Элдред закусил губу и, хлопнув дверью, выскочил на улицу.
— Какой грубиян! И чему их только учат в стеенбергской школе! Нет, мисс Тэлбот, это уже вопрос решенный. Я поговорила с мужем, и он со мной согласен: мистер Д. должен съехать.
— Куда же ему деваться?
— Он человек холостой, учитель. Неплохо зарабатывает и сумеет подыскать себе новую квартиру. У него, кажется, есть сестра где-то в Уолмер-Эстейт?
— Но ведь он же не сделал ничего дурного?
— Я не могу допустить, чтобы вокруг моего дома рыскала полиция.
— Вы считаете нашу любовь безнравственной?
— Она противозаконна.
— Неужели вы никогда не любили сами?
— Я должна подумать о своих детях.
— Миссис Каролиссен, вы должны нам помочь. Вернее, вы должны помочь Энди.

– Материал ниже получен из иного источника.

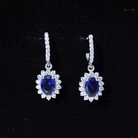 Certified Oval Lab Grown Blue Sapphire Hoop Drop Earrings with Moissanite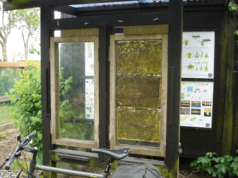 I sommerperioden er der en til to bifamilier i et observationsstade lige op ad bigården.

— Как только он вернется, ему придется сразу же освободить комнату. А до того времени Винсент и Поль упакуют его вещи. Элдреда я не могу ни о чем просить.
— Что, если он угодит в тюрьму?
— Это не мое дело. Он взрослый человек. А я не могу допустить таких вещей в своем доме.
Руфь поняла, что продолжать разговор бесполезно.
— Где же мне найти Энди?
— Не имею ни малейшего понятия. Я предупредила его через Элдреда, чтобы он не возвращался сегодня ночью.
— Значит, сегодня его не будет?
— Надеюсь, нет.
— Ну что ж, спасибо вам, миссис Каролиссен. Спокойной ночи.
— Спокойной ночи.
Миссис Каролиссен плотно закрыла за собой дверь. Элдред ожидал Руфь возле «остина».
— Проклятая баба — выругался он вгорячах. — Да она же просто дура набитая.
— Она напугана, Элдред. Как и все сейчас.
— Мистер Дрейер сказал, что, если он кому-нибудь будет нужен, пусть позвонят Эйбу… Мистеру Хэнсло, — поправился он.
— Спасибо. Так я и сделаю, когда вернусь домой.
— Желаю удачи.
— И тебе тоже, Элдред. Не будь слишком строг к матери.
— Ох уж мне эта баба!
Она села в машину и поехала обратно по Лэйк-роуд.
Глава семнадцатая
Пластинка перестала играть задолго до того, как Эндрю поднялся, чтобы вновь наполнить свой бокал. Все, что случилось в этот день, отодвинулось прочь; на душе у него стало спокойнее и радостней. Жизнь его в доме Мириам и Кеннета шла своим спокойным и неспешным ходом. В саду цвело великое множество цветов: георгины, циннии, флоксы и львиные зевы. Белые, лиловые, оранжевые, огненно-красные. Эндрю как будто был создан для такой жизни, ему очень нравилось здесь, на Найл-стрит. Никто даже не упоминал о матери. Джеймса он видел всего лишь раз, на следующий вечер после переезда к Мириам, когда его сестра, Кеннет и Джеймс долго совещались на кухне. Пока решалось его будущее, Эндрю сидел в пустой комнате с трепещущим сердцем. До него доносился громкий голос сестры, которая говорила за всех троих, и в конце концов Джеймс ушел рассерженный, громко хлопнув дверью. Мириам ничего ему не сказала об этом разговоре, а Кеннета он видел редко, только по воскресеньям. Эндрю старался, чтобы его присутствие было как можно незаметнее; он почти не выходил из своей комнаты, много занимался и читал запоем. Ни на один миг не скучал он по Каледон-стрит, по Джонге, Амааи и Броертджи. Лишь изредка недоставало ему Дэнни. От Мириам он слышал, что Питер уехал из дому.
Каждое утро, по будням, он встречался с Эйбом Хэнсло и Джастином Бейли, своими одноклассниками, на углу Колледж-стрит, и они вместе шагали по Конститьюшн-стрит, мимо домов с высокими верандами, где белые жили бок о бок с цветными, мимо грязных, захудалых индийских лавчонок, пока не сворачивали у многоквартирного дома.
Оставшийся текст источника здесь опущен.